The model is initialized from a global analysis and an initialization message, specifying the observed structure of the cyclone. The tropical cyclone component is removed from the global analysis, and replaced by a synthetic vortex generated by an axisymmetric version of the forecast model constrained by the structure indicated by the initialization message. An asymmetric (beta advection) component is also added to the synthetic vortex (Kurihara et al. 1993; Kurihara et al. 1995). Boundary conditions are updated periodically from forecast fields generated by the global forecast model.

GFDN is identical to the NCEP version, except that the analysis section has been modified to use NOGAPS global analyses and forecasts as initial and boundary conditions and a message originated by JTWC as the initialization message.
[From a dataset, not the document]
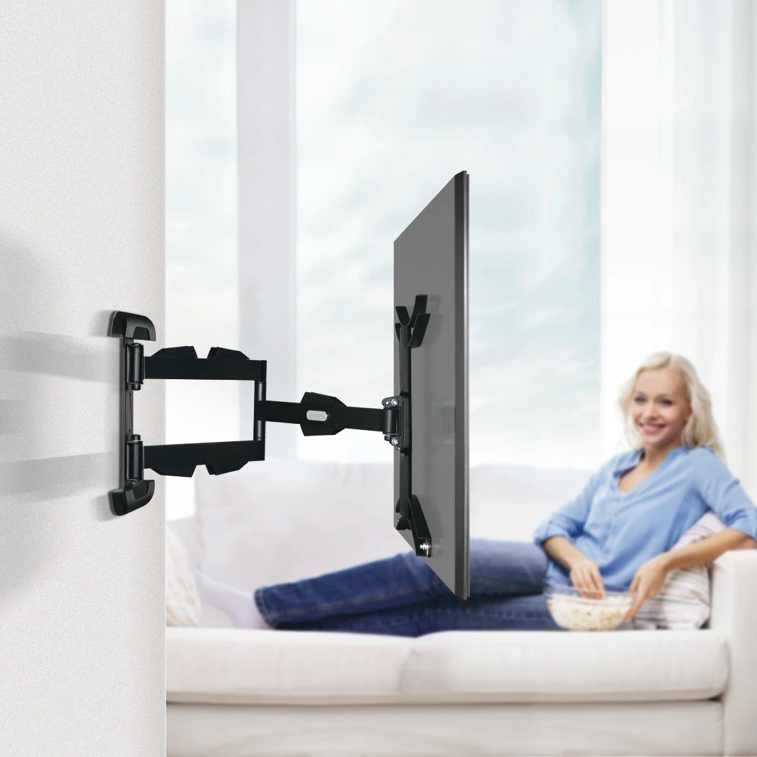 Настінне кріплення, яке забезпечує високу мобільність телевізора, щоб його було добре видно майже з будь-якої точки кімнати. Двостороннє кріплення fullmotion є ідеальним рішенням, коли ви також використовуєте телевізор для презентацій, ігор чи шоу.

Other changes accommodate the FNMOC operational environment and do not affect the model results.

The strategy for running GFDN is closely tied to JTWC procedures. Whenever one or more tropical cyclones are active within their area of responsibility, JTWC issues a tropical cyclone bogus message (TCBOGUS). This message lists all active tropical cyclones, ordered according to JTWC’s current operational priorities. For each cyclone, the TCBOGUS specifies (among other things) the location, central pressure, radius, and speed of maximum wind, radius, and pressure of the last closed isobar, and (if appropriate) radii of 35- and 50-kt winds. All radii are measured with respect to the cyclone location. The TCBOGUS is valid at the synoptic hour (0000, 0600, 1200, and 1800 UTC) and is issued at least 30 min prior to the hour. This is the primary source of initialization data with which GFDN constrains its synthetic vortex.

A secondary source of initialization data is the official warning JTWC issues during the first 2.5 h following the synoptic hour. This warning includes the current and forecast (to 72 h) positions of each active tropical cyclone. Since the warning is based on later, more thoroughly analyzed data, GFDN will override information from the TCBOGUS with that from the warning, if it is available.
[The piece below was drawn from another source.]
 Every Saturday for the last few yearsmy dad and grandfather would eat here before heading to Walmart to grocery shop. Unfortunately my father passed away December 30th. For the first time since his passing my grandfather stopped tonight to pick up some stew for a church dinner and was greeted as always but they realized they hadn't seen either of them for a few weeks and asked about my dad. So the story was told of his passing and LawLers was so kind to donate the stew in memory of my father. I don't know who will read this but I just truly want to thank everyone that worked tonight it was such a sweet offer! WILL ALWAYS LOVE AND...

Starting 22 May 1996, FNMOC ran GFDN at 0600 and 1800 UTC whenever a TCBOGUS valid at that time included a WPAC tropical cyclone. The model used the TCBOGUS information for the highest priority tropical cyclone and the current (0600/1800 UTC) NOGAPS analyses (available ∼1015/2215 UTC) for initialization and the forecast fields from the previous 0000/1200 UTC NOGAPS for boundary conditions. The GFDN forecasts were available to JTWC by about 1130/2330 UTC, in time for their subsequent 1200/0000 UTC warnings. Beginning 11 September 1996, if the TCBOGUS included more than one WPAC cyclone, the second priority message was used in conjunction with the preliminary (based on limited observations) NOGAPS 0600/1800 UTC analyses (available ∼0745/1945 UTC). The resulting GFDN forecasts were available by about 0845/2045 UTC. This arrangement provided JTWC with numerical forecast guidance for two storms. The late execution time of the first priority forecast gave it the benefit of the additional data available for the NOGAPS analysis from which it was initialized.
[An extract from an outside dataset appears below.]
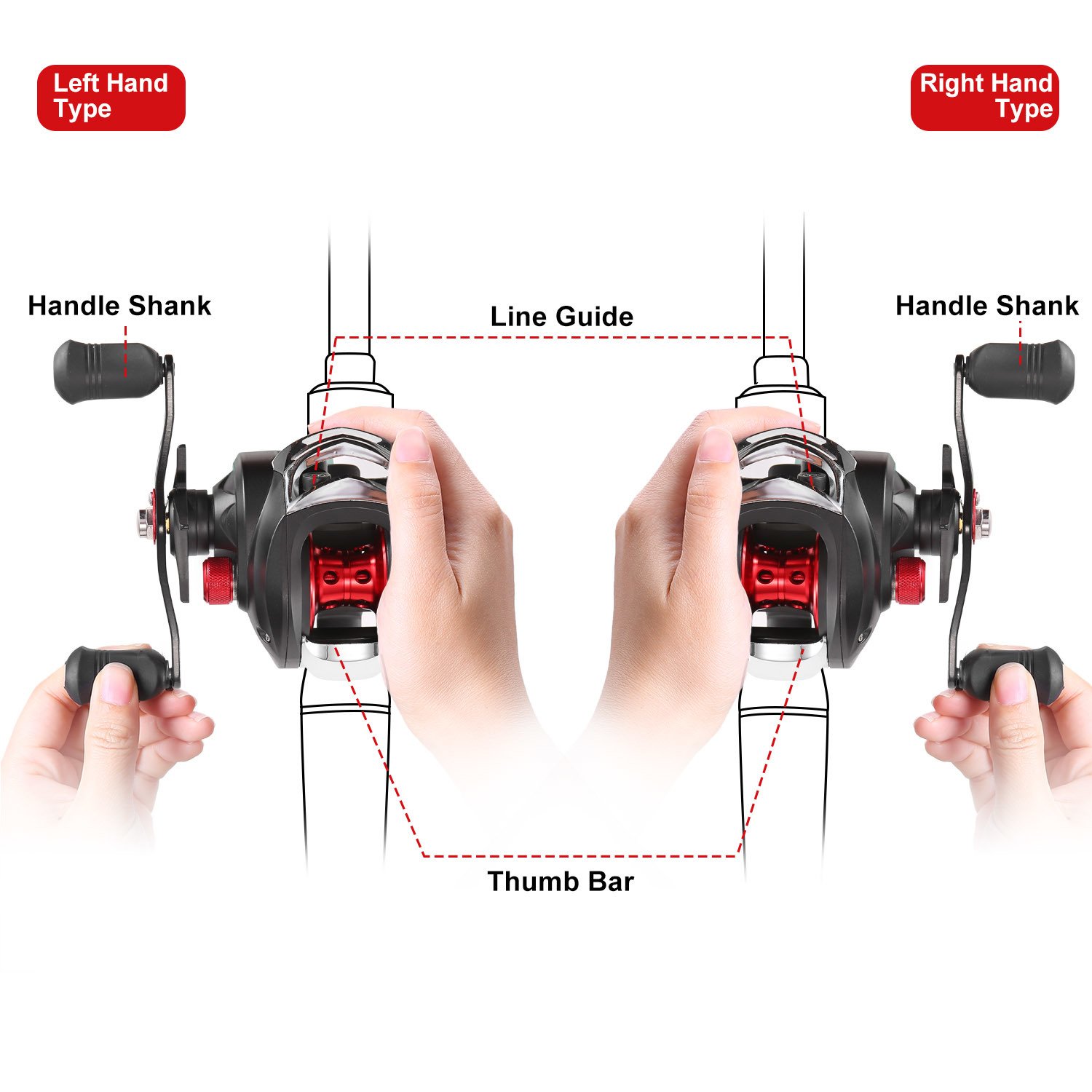 *RELIABLE AND LIGHTWEIGHT EXTERIOR DESIGN*:Featuring a thumb bar to cast the line sensitively,a smooth U-shaped aluminum alloy spool to contain more lines and two recessed plastic handles for a smooth and comfortable rotation. Besides,coming with only .48lbs-weight,it is light enough to reduce hand fatigue when fishing.

3. 1996 WPAC season overview

The western North Pacific basin was very active during 1996. JTWC issued a total of 883 warnings on 43 different tropical cyclones, one less than the record set in 1964 (JTWC 1997). Table 1 lists the mean forecast position errors at 24, 48, and 72 h for all JTWC WPAC warnings in 1996, and for the 5-yr period 1991–95. The 1996 errors at 48 and 72 h were smaller than those of any other season to date, except for 1994. The variability in tropical cyclone behavior from year to year can lead to misleading interpretations of single season error statistics (Pike and Neumann 1987). A simple correction can be applied to the mean errors by comparing them to those generated by CLIPER (Neumann 1992), a statistical model based on climatology and persistence. JTWC’s skill, as a percentage improvement over CLIPER, is also listed in Table 1. The skill scores suggest that the 1996 forecasts at 48 and 72 h were more skillful than the 5-yr. However, as may be expected with only four degrees of freedom, this increase in skill is significant at only the 60% level according to a Students t-test.

4. Basic GFDN performance

GFDN was initiated 265 times on a total of 31 tropical cyclones during 1996. Two-hundred and ten of these were first priority cases, using the NOGAPS 0600/1800 UTC analyses. The remaining 55 were second priority cases and used the preliminary NOGAPS 0600/1800 UTC analyses. No significant variations were found in the performance of the two sets of forecasts; they are all treated together in the following analysis.

a. Detection ability

One of the first requirements of a tropical cyclone model is that it must depict and maintain existing systems, ideally, for as long as they remain active. By definition, GFDN ran only when a tropical disturbance of at least 13 m s−1 was identified by JTWC. The actual distribution of initial intensity, as specified by the TCBOGUS, is indicated in Table 2, as is the number of cases in which the model was able to track the tropical cyclone for at least 12 h. In general, the 27 initial detection failures were associated with weak systems. In particular, 16 were initialized as tropical depressions. The standard of comparison is the best track position. JTWC issues best track positions for any system of at least tropical depression (13 m s−1) intensity that has not made an extratropical transition. For five cases (three tropical depressions and two tropical storms) JTWC did not issue a best track position 12 h after the initial time, indicating that the system actually dissipated and these were not failures at all. The two missing supertyphoon cases and four of the seven remaining tropical storm cases were actually forecast by the model, but lost due to postprocessing problems. Two of the other three initial tropical storm tracking failures verified with a best track of tropical depression intensity.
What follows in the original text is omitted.